Bin auch Anfänger und arbeite mich gerade ein:

Zuerst hab ich auf einem Vektorlayer ein einfaches Bein gebastelt.

Dann ein KnochenLayer erzeugt und das Vektorlayer reingeschoben.

Wenn du nun das Knochenlayer auswählst, kannst du knochen hinzufügen.

Sind die Knochen hinzugefügt, wieder auf das Vektorlayer wechseln, mit dem Knochenwähler lässt sich hier ein Knochen auswählen. Auch  das "BindPoints" Tool kann aktiviert werden - Punkte mit gedrückter Shift Taste ausgewählt, Space gedrückt, und es ward verbunden.

Also um die Bindpoints zu setzen, musst du das Vektorlayer auswählen, um die eigentliche Knochen hinzuzufügen das Bones Layer.
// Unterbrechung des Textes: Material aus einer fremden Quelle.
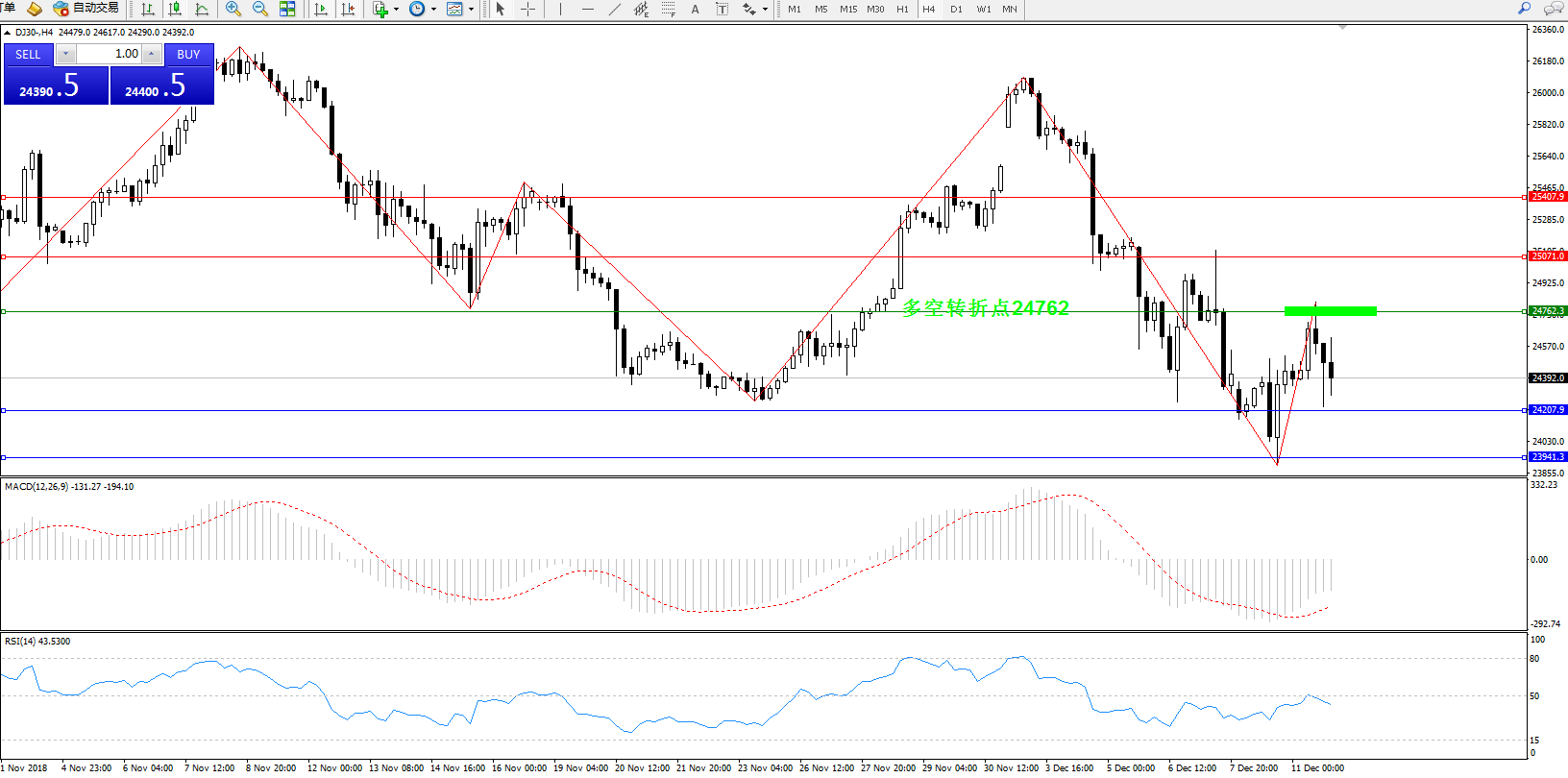 道琼斯指数DJ30——4小时K线图显示: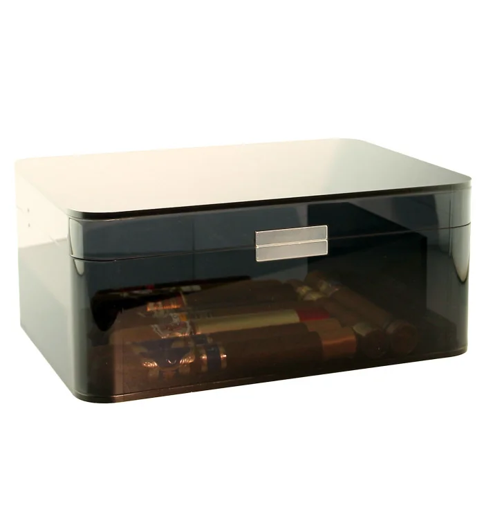 Popularita akrylových humidorů roste, představují totiž moderní uskladnění pro milovníky doutníků. Ať už jsou to humidory čiré, nebo tónované, poskytují bezpečnou ochranu a zároveň stylově prezentují vaši sbírku. Tento tónovaný akrylátový humidor spojuje funkčnost s atraktivním designem a nabízí prostor pro zhruba 50 doutníků.

Viele Erfolg noch (vielleicht sieht man sich hier ja jetzt öfters  

Gruss Manfred


----------



## bsucher (22. Juni 2004)

*Danke an kressevadder*

Jou !
Inzwischen auch dahintergekommen, was wichtig gemeint war. Das beide Layer zusmmengeschoben sein mußen, um einen Arbeitsgang ausführen zu können.
Sonst wird jede Layer für sich gesehen. Entweder Oder.

Danke


----------